If anything, their inclusion on these two flights would seem to have been a disadvantage, as it introduced an additional potentially-lethal failure mode (what if a retrorocket blew up instead of firing?). Although Wikipedia claims that
[...] At the top of the curve, the spacecraft's retrorockets were fired for testing purposes; they were not necessary for reentry because orbital speed had not been attained. [...]
I can’t imagine that the retrorockets were included merely to test them for service on the manned Mercury-Atlas flights, since they could easily have been tested on the earlier, unmanned Mercury-Redstone flights (and, for that matter, the early unmanned Mercury-Atlas flights) without potentially endangering a human crewmember.

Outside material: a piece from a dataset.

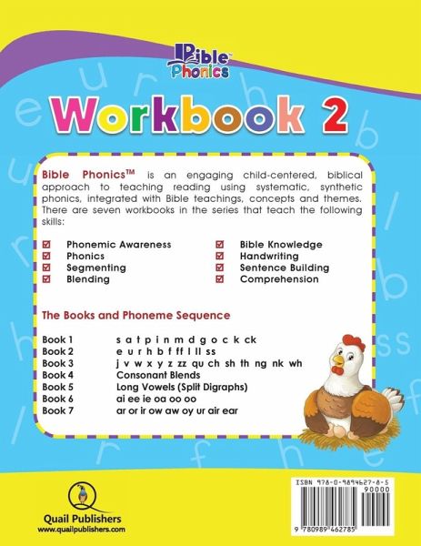 Bible Phonics is a unique series of workbooks where children learn the relationships between letters (graphemes) of our written language and spoken language's sounds (phonemes). This is integrated with the Bible teachings, concepts, and themes. The letters, s, a, t, and p, are introduced first. Each letter has a connected Bible story to further promote Christian teachings and letter-sound knowledge. The workbooks are ideal for children's Bible classes, Christian schools, churches, and homeschoolers. There are two pages dedicated to teaching each sound. These fully reproducible sheets contain engaging activities that promote the following:Phonemic Awareness: Identify sounds in spoken words Phonics: Understand letter-sound correspondences Handwriting: Write the letters that represent each sound Spelling: Use picture clues to spell words with the target sound, and identify the correct spelling of words with the target sound Reading: Read simple sentences with the target sound Write: Write sentences with the target sound Comprehension: Listen to a connected Bible story that supports the sound being taught. Answer questions asked about the story.

The only possibility that makes any sense to me would be if, after MR-2, with Ham on board, flew a much higher and steeper trajectory than intended (due to a booster malfunction that triggered the rocket's abort sequence at the end of the Redstone's burn),2 resulting in the capsule (and its Pan troglodytes occupant) experiencing G-loads much higher than intended (although still completely survivable, albeit quite uncomfortable), the retrorockets were added to the manned Mercury-Redstone missions in order to limit the height and steepness of the capsules’ trajectories (and, thus, the Gs felt during their reentries) should a similar malfunction occur during a manned flight.
Can someone help clear this up for me?
2: Other malfunctions to occur on that flight included an unplanned rapid decompression (Ham, wearing a spacesuit, was unaffected).